GLASGOW, Scotland, November 9, 2010 - Results from a European Observational Study, which included 1,294
antiretroviral (ARV)-experienced patients presented today at the Tenth
International Congress on Drug Therapy in HIV Infection (HIV10), demonstrated
a low rate of discontinuation and sustained virologic suppression with
REYATAZ(R) (atazanavir/ritonavir)-based regimens over a follow-up period of
up to five years.(1)

The aim of this study was to investigate the long-term outcomes of
REYATAZ/ritonavir-containing regimens in ARV-experienced patients in a
real-life clinical setting. The primary endpoint of the cohort study was the
proportion of patients who remained on treatment over time by baseline HIV-1
RNA level (<500 copies/mL and >= 500 copies/mL). Secondary endpoints were
reasons for discontinuation, time to virologic failure (defined as either two
consecutive HIV-1 RNA >= 50 copies/mL or one HIV-1 RNA >= 50 copies/mL
followed by discontinuation) and long-term safety profile.(1)

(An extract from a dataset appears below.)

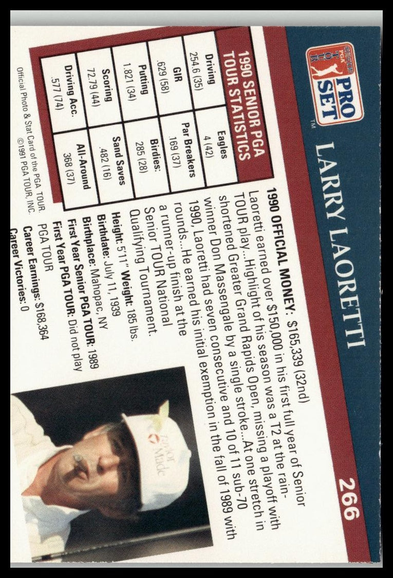 This Golf Singles 1991 Pro Set PGA Tour card features Larry Laoretti, a professional golfer known for his participation and competitive efforts on the PGA Tour. As card #266 in the 1991 series, it offers collectors an authentic piece highlighting Laoretti’s role in golf history. This card is a valuable addition for enthusiasts dedicated to preserving notable player memorabilia from this era.
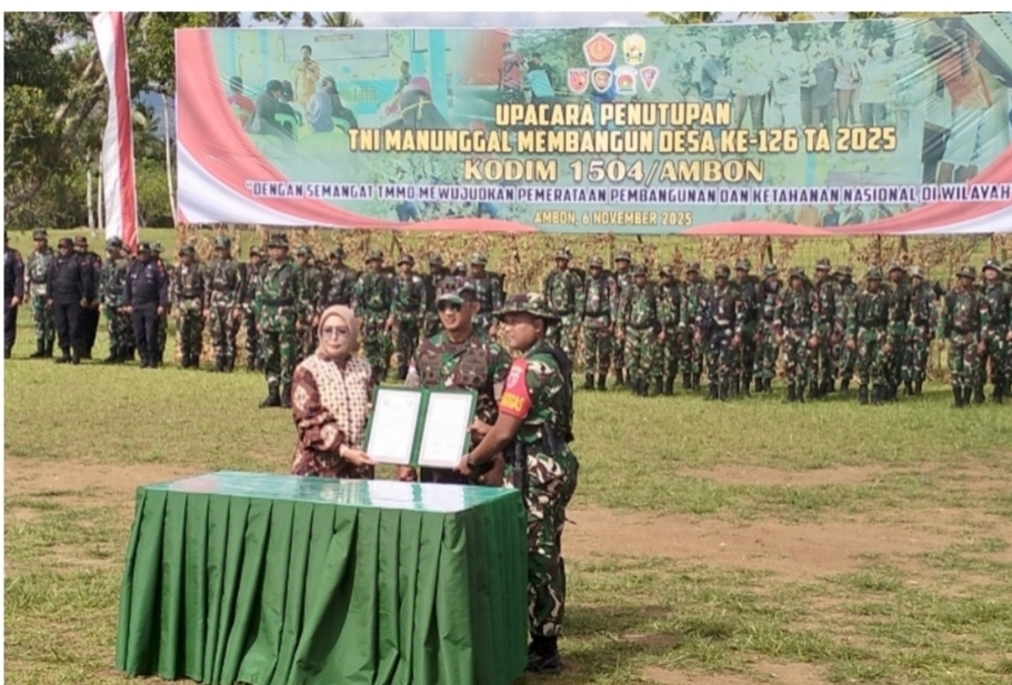 Penutupan TMMD ke-126 secara resmi dipimpin oleh Pangdam XV/Pattimura, Mayjen TNI Putranto Gatot Sri Handoyo di lapangan bola Dusun Telaga Kodok, Kecamatan Leihitu, Kabupaten Maluku Tengah, Kamis (6/11/2025). Momen tersebut menjadi simbol kuat kolaborasi antara TNI dan pemerintah daerah.

The results of the study revealed that 56% of patients with baseline
viral suppression (<500 copies/mL) (n= 722) and 53% of those with detectable
viral load (>= 500 copies/mL) (n= 540) remained on treatment after 3 years
with a median time to discontinuation of 4 versus 3.6 years, respectively.
The overall discontinuation rate in the study was low (43%) with the reasons
for discontinuation including adverse events (11%), withdrawn consent (6%)
and lack of efficacy (6%). After three years on a REYATAZ/r-based regimen,
75% of patients with baseline HIV-1 RNA levels <50 copies/mL remained
suppressed and 51% of patients with baseline HIV-1 RNA levels >=50 copies/mL
achieved and maintained virological suppression.(1)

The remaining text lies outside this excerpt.